Task:
Copy the lines below exactly, starting at the one with "桃花树下书屋是一间公益书屋,也是一间可以" and ending at the one with "People visit the", and leave out any picture.

Task inputs:
---

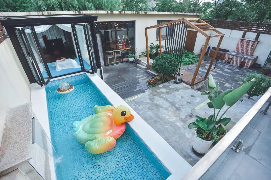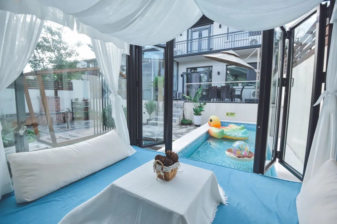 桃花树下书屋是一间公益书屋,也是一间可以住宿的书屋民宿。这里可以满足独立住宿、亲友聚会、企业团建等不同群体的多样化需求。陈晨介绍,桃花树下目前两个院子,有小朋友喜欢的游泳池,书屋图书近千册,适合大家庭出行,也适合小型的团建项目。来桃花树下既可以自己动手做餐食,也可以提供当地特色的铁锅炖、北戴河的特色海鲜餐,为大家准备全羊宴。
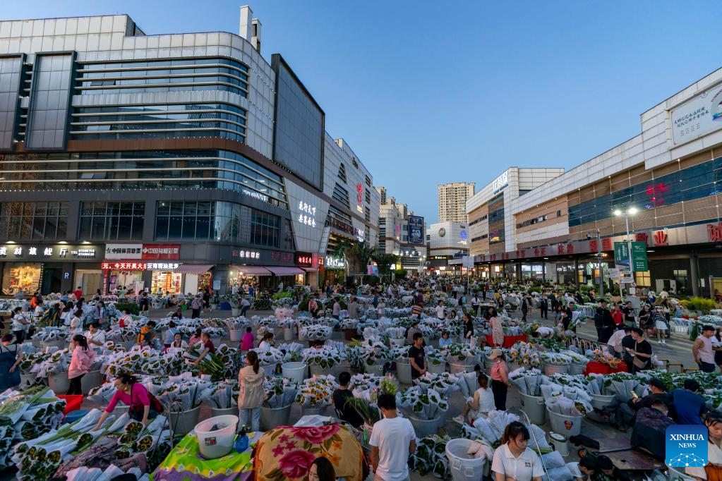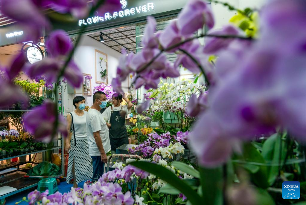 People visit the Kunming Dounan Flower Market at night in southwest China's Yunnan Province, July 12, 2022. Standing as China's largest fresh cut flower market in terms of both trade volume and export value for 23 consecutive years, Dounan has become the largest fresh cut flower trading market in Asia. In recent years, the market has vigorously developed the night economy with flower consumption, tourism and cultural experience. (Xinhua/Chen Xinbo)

---

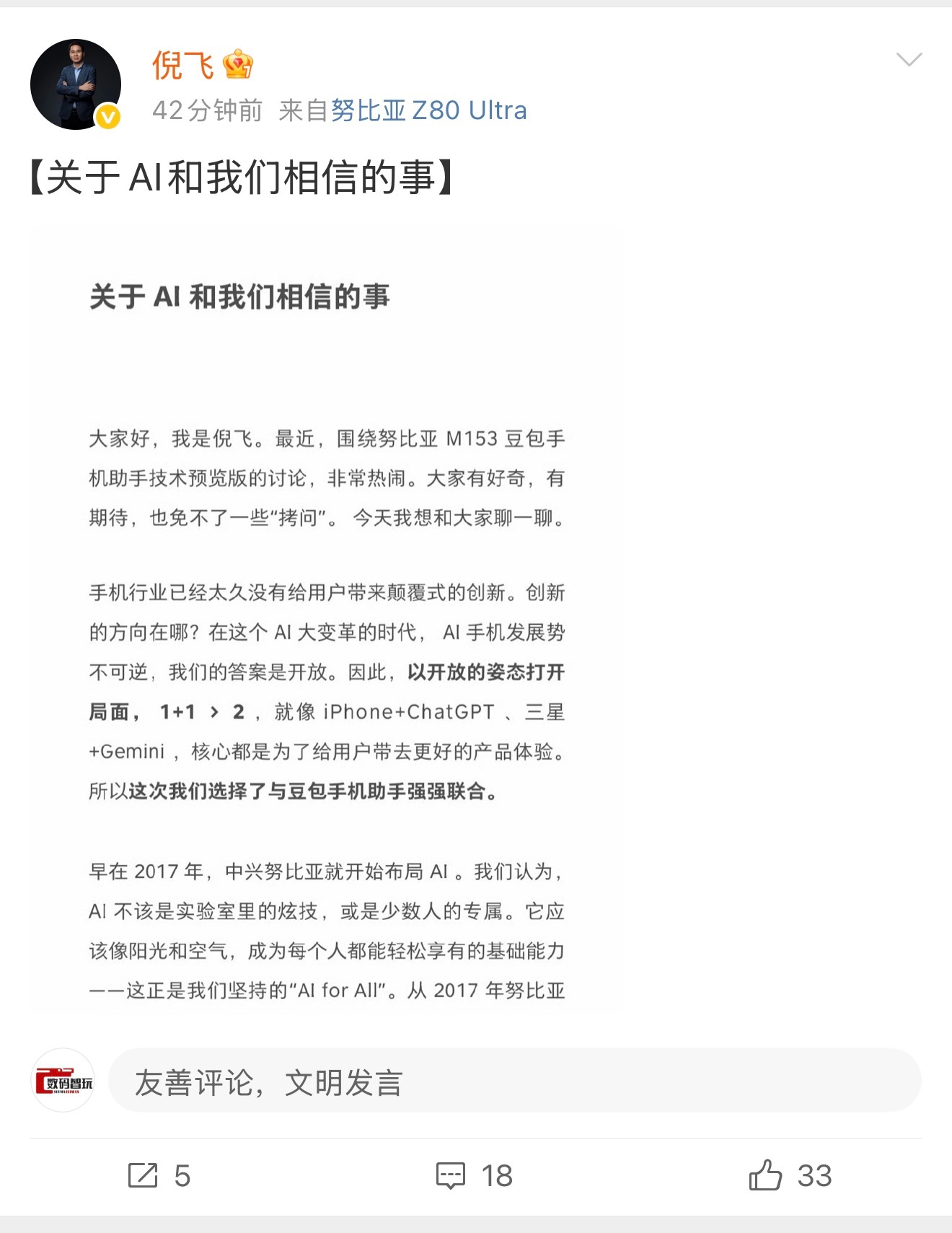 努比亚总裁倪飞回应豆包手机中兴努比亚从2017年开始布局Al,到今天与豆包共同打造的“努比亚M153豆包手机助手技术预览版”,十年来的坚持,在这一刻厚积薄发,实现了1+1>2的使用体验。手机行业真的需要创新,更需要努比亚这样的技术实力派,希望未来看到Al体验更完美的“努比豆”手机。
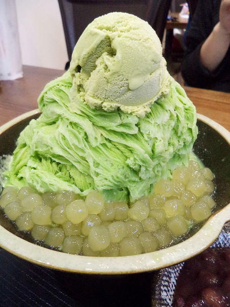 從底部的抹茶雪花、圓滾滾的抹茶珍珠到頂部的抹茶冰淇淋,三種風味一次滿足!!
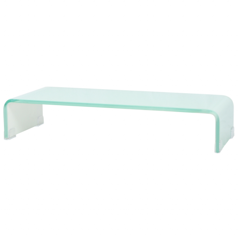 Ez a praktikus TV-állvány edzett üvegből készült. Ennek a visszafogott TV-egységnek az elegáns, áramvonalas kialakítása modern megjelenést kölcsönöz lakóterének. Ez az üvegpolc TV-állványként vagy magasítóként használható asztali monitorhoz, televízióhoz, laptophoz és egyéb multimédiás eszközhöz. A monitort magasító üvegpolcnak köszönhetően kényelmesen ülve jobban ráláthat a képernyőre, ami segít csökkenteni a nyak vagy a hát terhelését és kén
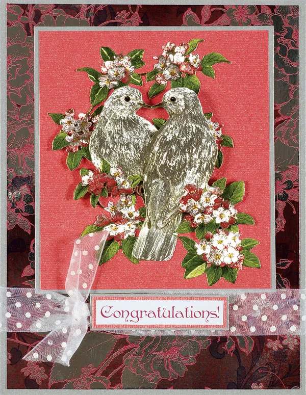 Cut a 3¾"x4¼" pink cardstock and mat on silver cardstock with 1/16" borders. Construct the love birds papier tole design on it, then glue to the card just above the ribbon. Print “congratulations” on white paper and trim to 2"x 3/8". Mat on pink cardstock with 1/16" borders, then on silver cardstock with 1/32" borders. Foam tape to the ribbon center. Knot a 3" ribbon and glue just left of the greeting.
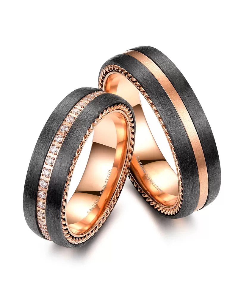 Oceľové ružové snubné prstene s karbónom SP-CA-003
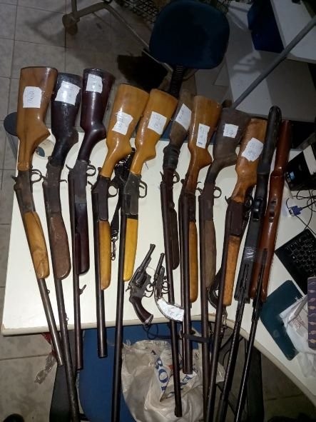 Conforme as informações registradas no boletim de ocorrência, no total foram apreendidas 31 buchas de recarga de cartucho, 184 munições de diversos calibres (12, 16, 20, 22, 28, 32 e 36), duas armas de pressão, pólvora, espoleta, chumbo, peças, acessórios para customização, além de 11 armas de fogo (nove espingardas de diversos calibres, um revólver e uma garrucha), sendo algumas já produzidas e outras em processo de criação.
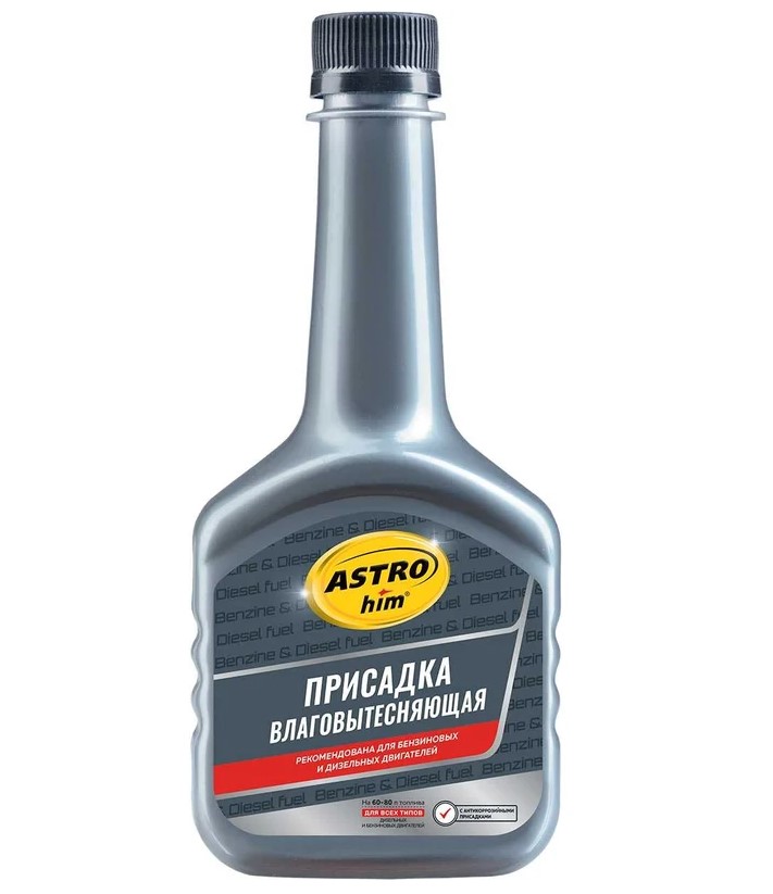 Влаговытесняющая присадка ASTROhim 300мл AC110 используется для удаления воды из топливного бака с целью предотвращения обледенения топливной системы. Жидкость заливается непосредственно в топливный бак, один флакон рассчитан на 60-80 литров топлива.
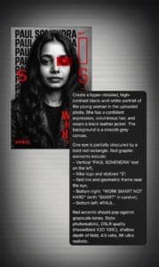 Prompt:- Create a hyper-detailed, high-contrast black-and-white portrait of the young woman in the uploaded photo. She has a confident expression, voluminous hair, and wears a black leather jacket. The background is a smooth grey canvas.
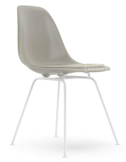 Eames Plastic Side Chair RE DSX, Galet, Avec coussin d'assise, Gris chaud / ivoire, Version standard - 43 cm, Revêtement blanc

---

Solved exercise:
 桃花树下书屋是一间公益书屋,也是一间可以住宿的书屋民宿。这里可以满足独立住宿、亲友聚会、企业团建等不同群体的多样化需求。陈晨介绍,桃花树下目前两个院子,有小朋友喜欢的游泳池,书屋图书近千册,适合大家庭出行,也适合小型的团建项目。来桃花树下既可以自己动手做餐食,也可以提供当地特色的铁锅炖、北戴河的特色海鲜餐,为大家准备全羊宴。
 People visit the Kunming Dounan Flower Market at night in southwest China's Yunnan Province, July 12, 2022. Standing as China's largest fresh cut flower market in terms of both trade volume and export value for 23 consecutive years, Dounan has become the largest fresh cut flower trading market in Asia. In recent years, the market has vigorously developed the night economy with flower consumption, tourism and cultural experience. (Xinhua/Chen Xinbo)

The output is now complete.